We shared this report, and its foreword, widely, including with Idaho Education News in a piece entitled Report Examines Idaho’s Future. In that piece for this publication, I reiterated the point that the “charter school student population is still less diverse in terms of race, income and special needs students than the statewide population of public school students as a whole.” And that, “these are the fastest growing K-12 student demographics, and charters should be part of the mix in meeting their needs.”

But words come cheap. Action is more important. To that end, with support from the Albertson Family Foundation, my colleagues and I have been working with current and prospective charter school operators to help the schools serving diverse students do more, and to open more charter seats for the state’s neediest students. As part of the Albertson Family Foundation’s “20 in 10” Initiative, we are working closely with the foundation team to target resources to those schools that can serve diverse students well. This work is just beginning and is based on what we learned by studying the state’s changing demographics last year.
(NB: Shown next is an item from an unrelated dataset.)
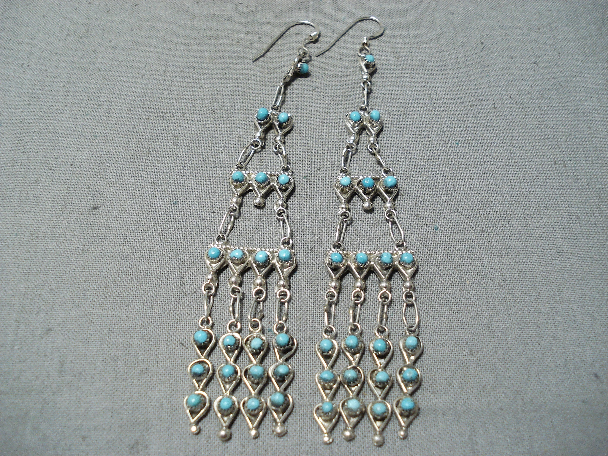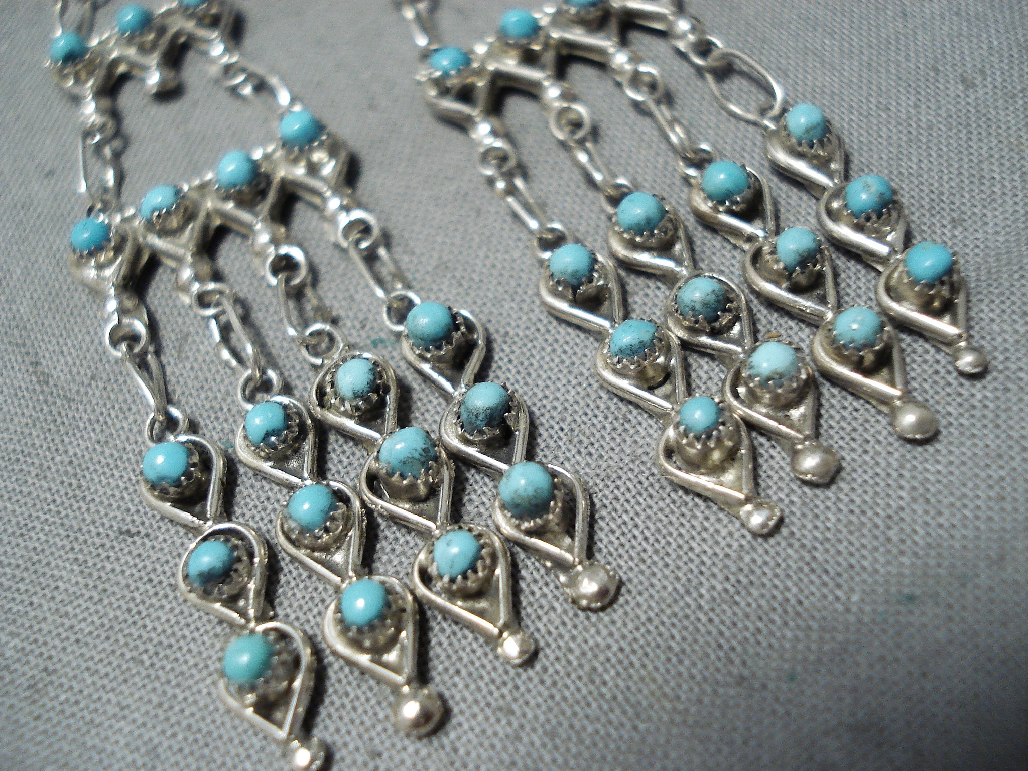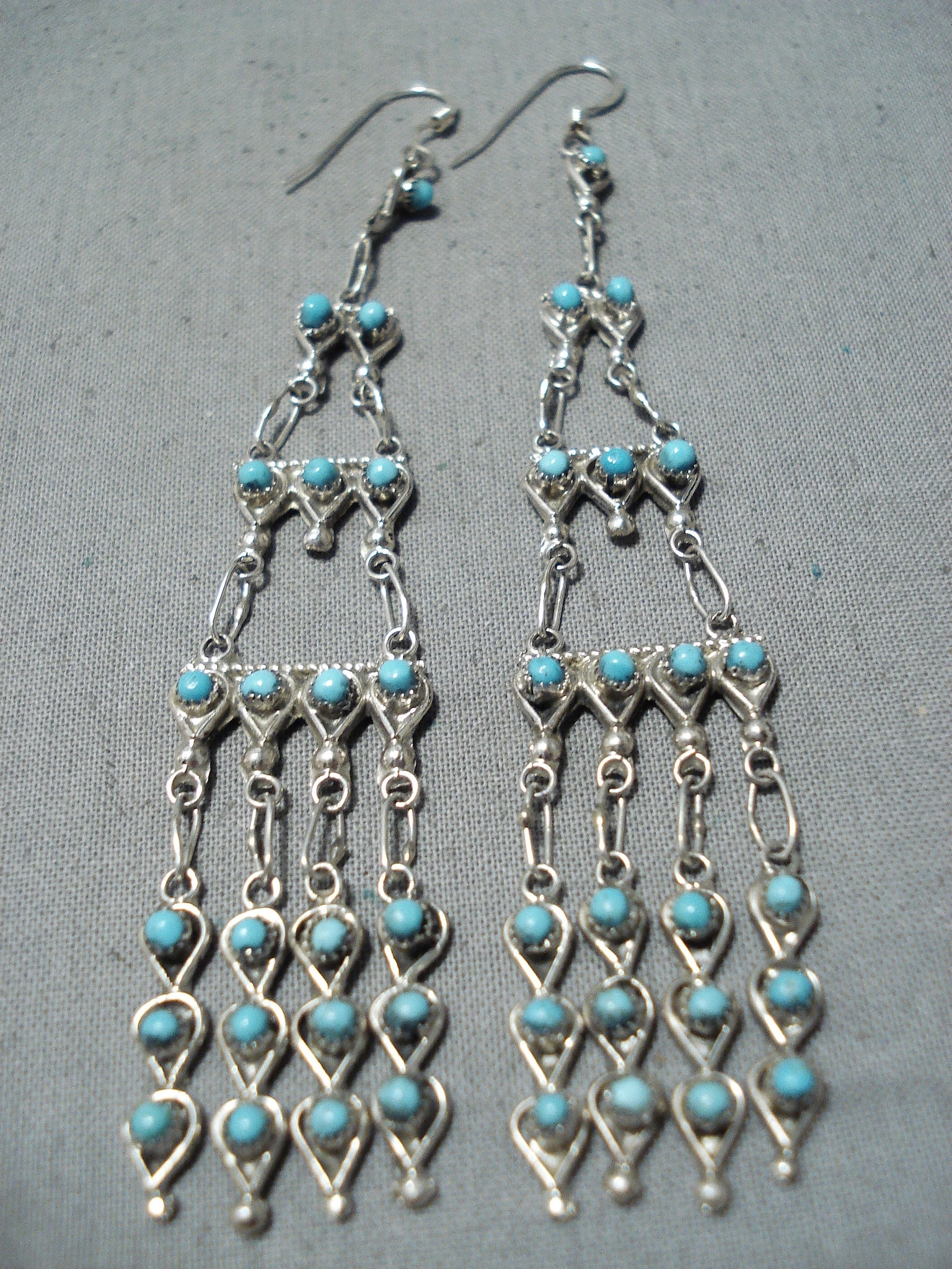 Beautiful Vintage Native American Zuni Turquoise Sterling Silver Chandelier Earrings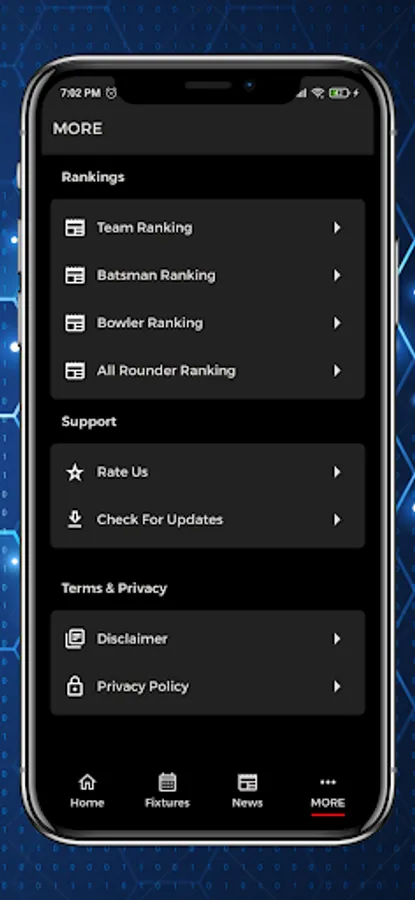 - ICC Rankings(Team,Batsman,Bowlers,All Rounders)

Further, we have been providing financial management services to the Spanish immersion Heritage Community Charter School in Caldwell. We are committed to working cooperatively with this school – and others like it — to help it operate more efficiently so it can better serve the needs of its diverse student population while expanding enrollment over time.

In fact, the best way to help charter schools serve more diverse populations is to help them grow. Key to this is to assist charter schools in finding facility solutions in the communities where student need is greatest. Idaho charter schools operate on some of the leanest per pupil funding of any charter sector in the United States, and from this tight funding they have to pay not only their operating costs (mainly teacher salaries), but also their facility costs. Changes to state law in recent years should make it easier for charter schools to get access to private lending for new school growth, but charters have struggled to serve more students (diverse and otherwise) because they lack the facilities to get it done.

It is the intention of my two organizations, BLUUM and the Idaho Charter School Network, to work with partners like the Idaho Public Charter School Commission to help ensure that new charter school growth happens where student demand is greatest. Demographically the fastest growing student populations in Idaho are non-white, non-rural and less wealthy students. For charter schools to grow they will need to serve this changing population. It is the right thing to do. Not just because charter critics say it is, but because Idaho’s changing family demographics demand it.

Terry Ryan is the chief executive officer of BLUUM and president of the Idaho Charter School Network.

Disclaimer: Idaho Education News and BLUUM are funded by the  J.A. and Kathryn Albertson Family Foundation.